O governo comemora os bons resultados macroeconômicos. O povo, que vive na microeconomia, está sufocado por dívidas, perdendo poder aquisitivo.
Por que o gasto é vida pode matar o sonho da classe média e o da reeleição?
A história econômica do Brasil desde 2003 tem dois grandes ciclos, com um pequeno intervalo de racionalidade.
DO CÉU AO INFERNO 2003 – 2016
Nos primeiros anos da teocracia do Aiatolá de Garanhuns, o Brasil aproveitou o vento de cauda das reformas do governo anterior, e do boom de commodities. Chegamos a ser a sexta maior economia mundial.
Esse avanço foi destruído pelo desastre intervencionista (subsídios, desonerações fiscais, preços controlados, juros artificialmente baixos) da Nova Matriz Econômica. Estávamos à beira do abismo.
RACIONALIDADE ECONÔMICA 2016 – 2022
Com o freio de arrumação do impeachment, seguido pelo Teto dos Gastos, voltamos a crescer de forma sustentável. A trajetória positiva foi interrompida pela pandemia e pelas medidas populistas para a tentativa de reeleição do Messias, que abriu a porta para a volta do atraso.
RETROCRACIA 2023 – 2026
Populistas aprendem pouco com seus erros e esquecem logo o pouco que aprenderam. Isto leva ao que o francês Nicolas Baverez chamou de retrocracia: tentar resolver problemas atuais com soluções do passado.
O aiatolá tupiniquim não entende que fazer mais do mesmo, aumentando o vale voto, não gera mais votos, no máximo mantém os que já tem. Ele não sabe que o bolsa voto já é um direito, na visão do beneficiado.
Ele não entende que o mundo mudou, que o sindicato acabou, que o jovem deve viver livre da cangalha do Estado.
Com os índices de aprovação caindo e os de rejeição subindo, os Mulás a serviço do Aiatolá buscam seguidas balas de prata para continuar a corrupção (ops! administração).
A última (será?) bala de prata é o Desenrola 2.0, que permitirá pagar as dívidas de mais de 80% das famílias brasileiras, que seguiram o conselho do Gasto é Vida, comprando no cartão de crédito, jogando nos bets, comprando a picanha que está mais cara do que nunca.
O legado deste (des) governo é um país atrasado, que gosta de pobres porque depende deles para se manter no poder.
É um (des) governo de extremos que utiliza os pobres para beneficiar os ricos.
Pratica uma política distributiva de renda e concentradora de patrimônio.
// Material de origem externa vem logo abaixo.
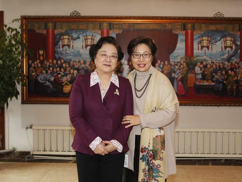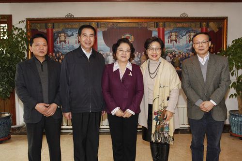 2月18日,全国政协副主席、台盟中央主席林文漪会见台湾功文文教基金会董事长赵文瑜一行。图为林文漪主席与赵文瑜女士合影。

Pega dinheiro de todos, principalmente da classe média, para dar aos mais pobres. Estes gastam o presente, gerando lucros para empresas, que vão para o bolso dos mais ricos, que compram títulos do governo emitidos para pagar juros absurdos para os ricos ficarem mais ricos.
Você já pensou que futuro quer para você, seus filhos e netos? Vai votar na continuidade de um modelo que dirige o carro olhando pelo retrovisor? Ou vai votar em um modelo que olhe para frente?